House Republicans are unveiling a hybrid spending bill Monday that could restore more than $7 billion to military accounts hit hard by automatic spending cuts that went into effect Friday.
The bill is intended to replace the continuing resolution to keep the government running that's set to expire on March 27, reports Politico.
While it keeps the $85 billion sequester in place, it will also substitute a full-year budget to the Defense Department aimed at reducing dangers to military readiness if the standoff over spending continues.
Republicans are worried that the defense cuts contained in the automatic spending reductions could come back to hurt them politically.
The bill also comes as President Barack Obama is facing pressure to end the budget impasse.

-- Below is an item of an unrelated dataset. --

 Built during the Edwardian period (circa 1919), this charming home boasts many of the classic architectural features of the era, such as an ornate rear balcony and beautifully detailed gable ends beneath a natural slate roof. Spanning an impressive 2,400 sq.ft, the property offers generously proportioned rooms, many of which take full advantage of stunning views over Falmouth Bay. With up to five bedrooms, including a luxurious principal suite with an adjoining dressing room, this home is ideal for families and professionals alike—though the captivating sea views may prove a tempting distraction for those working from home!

One option, according to South Carolina Sen. Lindsey Graham, would be to put savings first and then add revenues later through tax reform legislation.
“The bottom line is, we’re not going to do revenue to fix sequestration,” the Republican senator said. “I am not against taxes but we don’t need any more money to run the government. We need money to get out of debt.”

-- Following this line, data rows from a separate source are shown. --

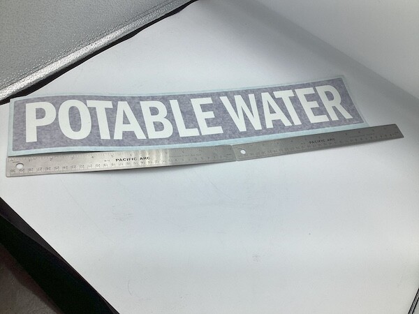 Decal, Hold Down To Pump, 3" x 1.5" Used on our lavatory & potable water service carts ...more→
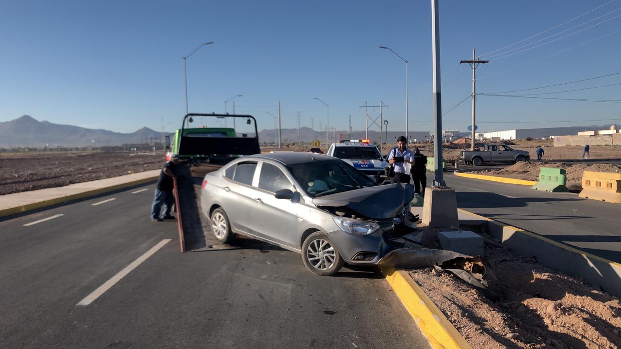 El incidente se dio cuando el conductor del vehículo, un Chevrolet Aveo, perdió el control de la unidad y se subió al camellón central del camino.
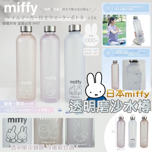 日本MIffy磨砂半透水樽1000ml(顏色隨機)(11月中)

The House expects to pass the replacement resolution as early as Thursday, which gives the Democratic-controlled Senate three weeks to work on the matter before the last stopgap measure expires on Mar. 27.

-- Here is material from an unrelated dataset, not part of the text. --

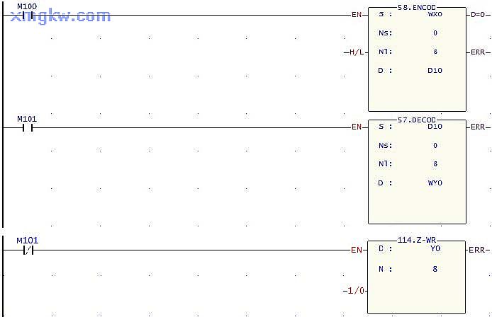M101= ON,執(zhí)行 DECOD指令,設(shè)置 D10的值, D10的值會(huì)被譯碼到 Y0~Y7中之一,從而使對(duì)應(yīng)的輔助流水線暫停,例如, D0=5,則譯碼得到 Y5=ON,編號(hào) 5的輔助流水線將暫停運(yùn)行;當(dāng) M101=OFF, Z-WR指令執(zhí)行, Y0~Y7都為OFF,所有的流水線都正常運(yùn)行。

But Senate Appropriations Committee Chairwoman Barbara Mikulski and Senate Majority Leader Harry Reid have warned that if the GOP-controlled House bill helps the Pentagon, other adjustments will be needed for domestic programs.
Sequestration left the Defense Department with an operations and maintenance budget of $145.4 billion for the Army, Air Force, Navy, and Marines, about $22 billion less than what was contained in Obama's 2103 budget proposal.
According to Politico, the bill being worked on now in the House would raise that operations and maintenance budget to about $152.5 billion.